设置 streaming 类型的 Source 和 Sink #

Sources #

DataStream API 使用 DataStreamSource 从外部系统读取记录,而 DataSet API 使用 DataSource

DataSet DataStream
// Read data from file
DataSource<> source = ExecutionEnvironment.readFile(inputFormat, filePath);
// Read data from collection
DataSource<> source = ExecutionEnvironment.fromCollection(data);
// Read data from inputformat
DataSource<> source = ExecutionEnvironment.createInput(inputFormat)
// Read data from file
DataStreamSource<> source = StreamExecutionEnvironment.readFile(inputFormat, filePath);
// Read data from collection
DataStreamSource<> source = StreamExecutionEnvironment.fromCollection(data);
// Read data from inputformat
DataStreamSource<> source = StreamExecutionEnvironment.createInput(inputFormat)

Sinks #

DataStream API 使用 DataStreamSink 将记录写入外部系统,而 DataSet API 使用 DataSink

DataSet DataStream
// Write to outputformat
DataSink<> sink = dataSet.output(outputFormat);
// Write to csv file
DataSink<> sink = dataSet.writeAsCsv(filePath);
// Write to text file
DataSink<> sink = dataSet.writeAsText(filePath);
// Write to sink
DataStreamSink<> sink = dataStream.sinkTo(sink)
// Write to csv file
DataStreamSink<> sink = dataStream.writeAsCsv(path);
// Write to text file
DataStreamSink<> sink = dataStream.writeAsText(path);

如果您正在寻找 DataStream 预定义的连接器,请查看连接器

迁移 DataSet APIs #

第一类 #

对于第一类,这些 DataSet API 在 DataStream 中具有完全相同的功能,几乎不需要任何更改即可迁移。
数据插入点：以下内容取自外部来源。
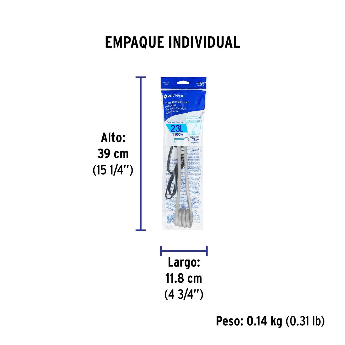 Calentador de inmersión p/agua #6 de 23 L, 1100 W, Volteck | CAGU-6 | 46308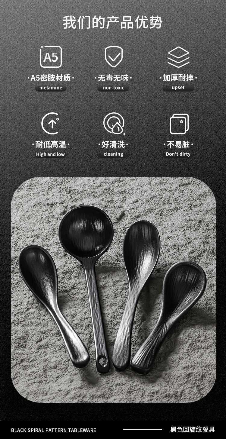 Меламиновая ложка с длинной ручкой, пластиковая ложка для каш, десертов, ресторанная ложка, имитация фарфоровой ложки, матовая ложка, ложка с узором в виде спиралей
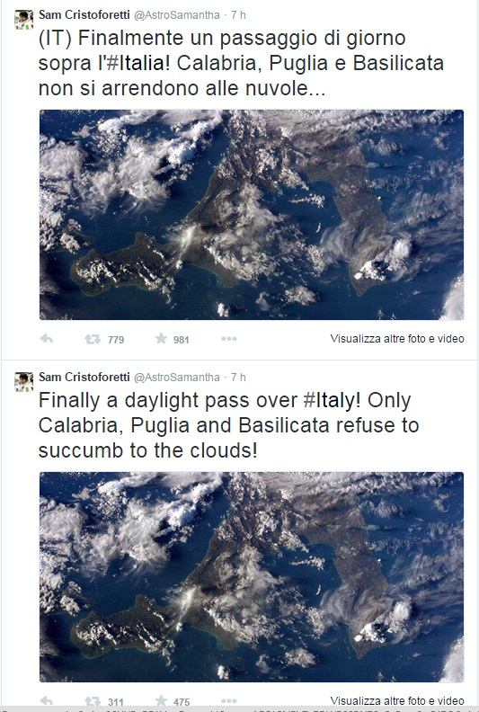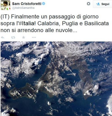 ROMA – Samantha Cristoforetti continua a pubblicare su Twitter immagini scattate direttamente dalla Iss con il nome @Astrosamatha: “Finalmente un passaggio di giorno sopra l’#Italia! Calabria, Puglia e Basilicata non si arrendono alle nuvole”, scrive l’astronauta salita a bordo lo scorso 22 novembre.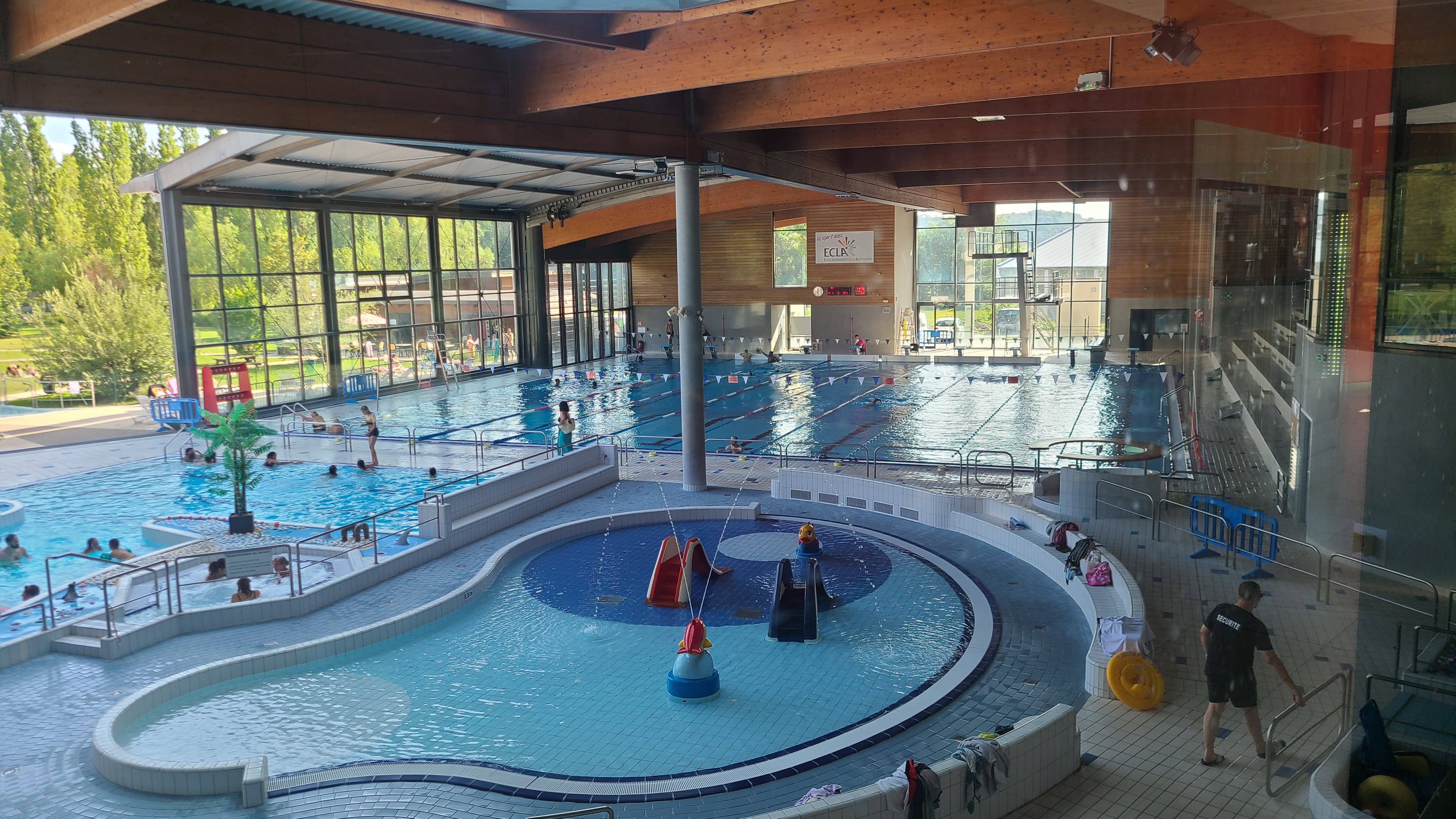 Très belle piscine avec ses différents espaces, ses tobogans et plongoirs, mais quel dommage qu'il n'y ait plus aucun bassin à l'extérieur.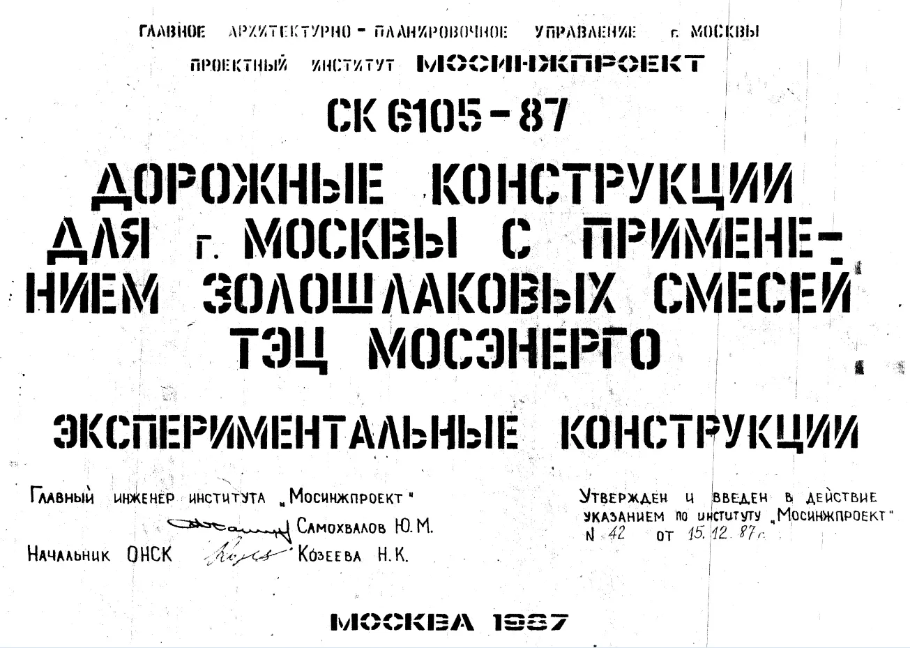 Шифр СК 6105-87 Дорожные конструкции для г.Москвы с применением золошлаковых смесей ТЭЦ Мосэнерго (1987 г.)
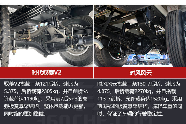从二者底盘配置上我们可以看出,驭菱采用低扭更强的发动机+大速比后桥+多片簧的底盘结构,重载能力更加可观,并且更低的车重能够让它合规装载更多的货物;而风云在底盘配置上要稍逊一筹,不过更大马力的发动机让它的驾驶性值得期待,并且配备的仓栅式货箱让它拥有更强的装载能力,但额定载重较小依旧是它的缺陷所在。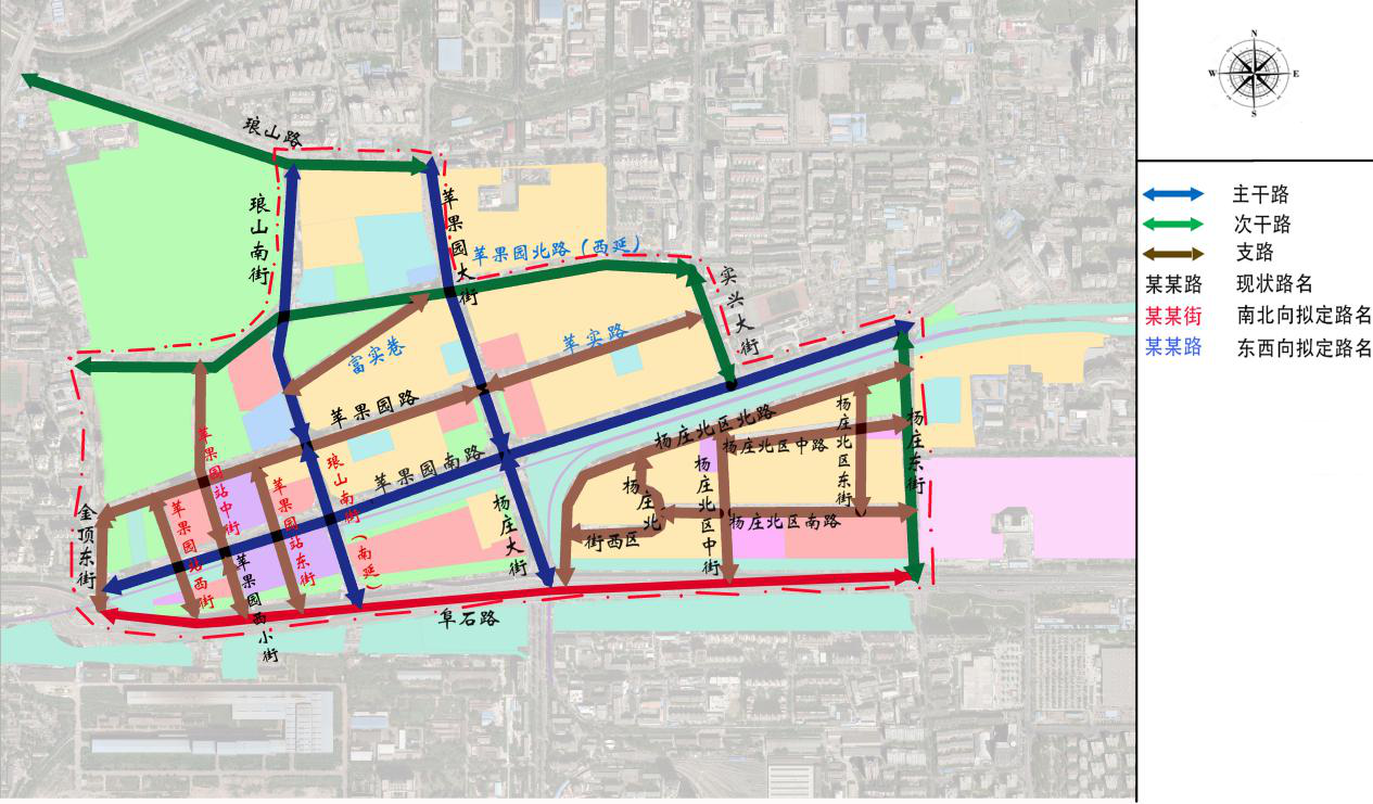 拟命名区域位于苹果园交通枢纽地区,规划范围为:金顶东街以东、琅山路以南、杨庄东街以西、阜成路以北。规划用地面积约1.6平方公里。
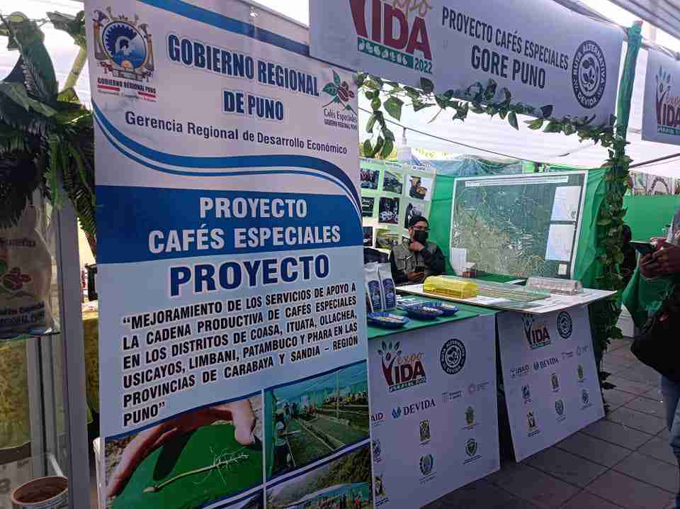 Organizaciones productoras de café de la región Puno, vienen participando de la II EXPOVIDA 2022, en la ciudad de Puno, el Gobierno Regional a través del proyecto denominado “Mejoramiento de los servicios de apoyo a la cadena productiva de cafés especiales”, viene siendo parte de esta feria.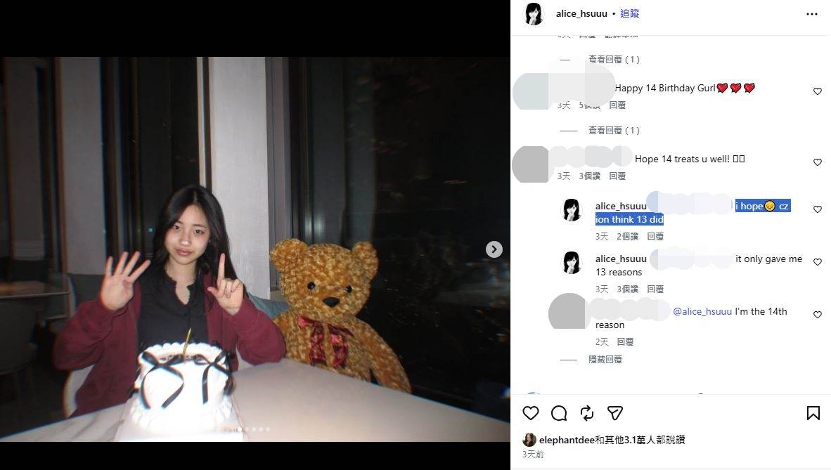 雖然許老三這則照片貼文瘋吸萬人按讚,也吸引兩個姊姊Elly許曦文、Lily許韶恩按讚送祝福,甚至釣出小S逗趣留言「恭祝皇后~福泰安康」,還有人寫道:「Hope 14 treats u well.(希望14歲對你好一點)」,但許老三卻感嘆回應:「cz ion think 13 did(我不認為13歲對我很好)」,複雜心情讓人不免聯想,可能和去年13歲時,經歷姨媽大S(徐熙媛)驟逝有關,令人感到不捨。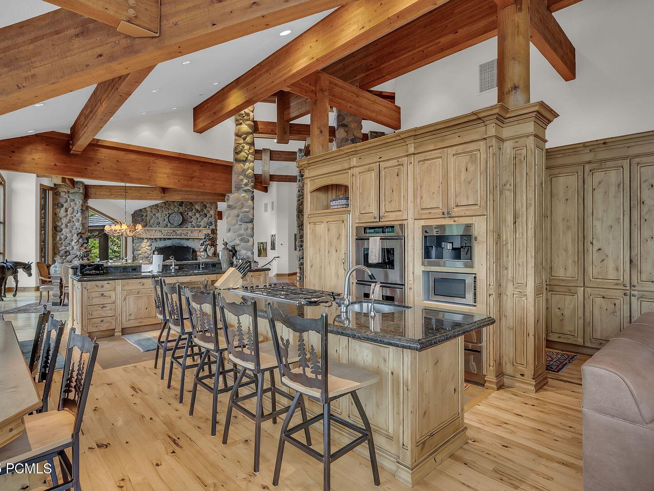 This gourmet kitchen seamlessly blends rustic charm with modern functionality. Exposed wooden beams and soaring ceilings create an open feel, accentuating the natural light pouring in through large windows. The centerpiece is a substantial island with a dark granite countertop, surrounded by ample seating for family gatherings. Light wooden cabinetry adds warmth and complements the natural pine floors. High-end appliances are integrated seamlessly for a sleek look, while stone accents enhance the inviting atmosphere. Thoughtfully arranged, it’s perfect for both casual family meals and grand entertaining, making it a delightful heart of the home.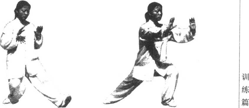 要点:由捋变挤时,两手向身后摆开。由挤变按时,注意 缩胯、敛臀,上体正直,不可前俯后仰。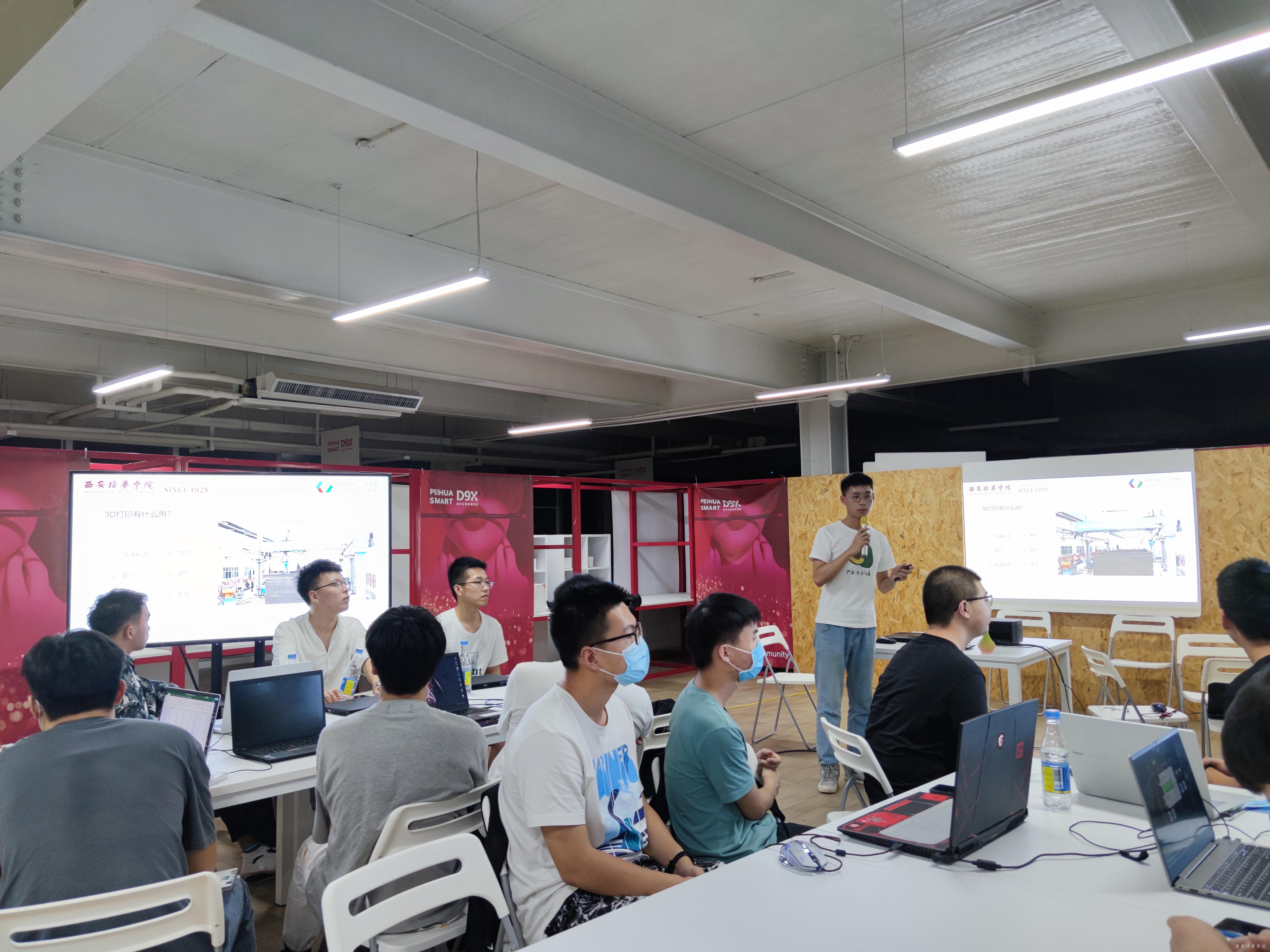 宋涛和余鹏飞学长带领同学们学习如何使用建模工具及3D打印机

Operations DataSet DataStream
Map
dataSet.map(new MapFunction<>(){
// implement user-defined map logic
});
dataStream.map(new MapFunction<>(){
// implement user-defined map logic
});
FlatMap
dataSet.flatMap(new FlatMapFunction<>(){
// implement user-defined flatmap logic
});
dataStream.flatMap(new FlatMapFunction<>(){
// implement user-defined flatmap logic
});
Filter
dataSet.filter(new FilterFunction<>(){
// implement user-defined filter logic
});
dataStream.filter(new FilterFunction<>(){
// implement user-defined filter logic
});
Union
dataSet1.union(dataSet2);
dataStream1.union(dataStream2);
Rebalance
dataSet.rebalance();
dataStream.rebalance();
Project
DataSet<Tuple3<>> dataSet = // [...]
dataSet.project(2,0);
DataStream<Tuple3<>> dataStream = // [...]
dataStream.project(2,0);
Reduce on Grouped DataSet
DataSet<Tuple2<>> dataSet = // [...]
dataSet.groupBy(value -> value.f0)
       .reduce(new ReduceFunction<>(){
        // implement user-defined reduce logic
        });
DataStream<Tuple2<>> dataStream = // [...]
dataStream.keyBy(value -> value.f0)
          .reduce(new ReduceFunction<>(){
          // implement user-defined reduce logic
          });
Aggregate on Grouped DataSet
DataSet<Tuple2<>> dataSet = // [...]
// compute sum of the second field
dataSet.groupBy(value -> value.f0)
       .aggregate(SUM, 1);
// compute min of the second field
dataSet.groupBy(value -> value.f0)
       .aggregate(MIN, 1);
// compute max of the second field
dataSet.groupBy(value -> value.f0)
       .aggregate(MAX, 1);
DataStream<Tuple2<>> dataStream = // [...]
// compute sum of the second field
dataStream.keyBy(value -> value.f0)
          .sum(1);
// compute min of the second field
dataStream.keyBy(value -> value.f0)
          .min(1);
// compute max of the second field
dataStream.keyBy(value -> value.f0)
          .max(1);

第二类 #

对于第二类,这些 DataSet API 的行为可以通过 DataStream 中具有不同语义的其他 API 来实现,这可能需要更改一些代码来进行迁移,但仍保持相同的执行效率。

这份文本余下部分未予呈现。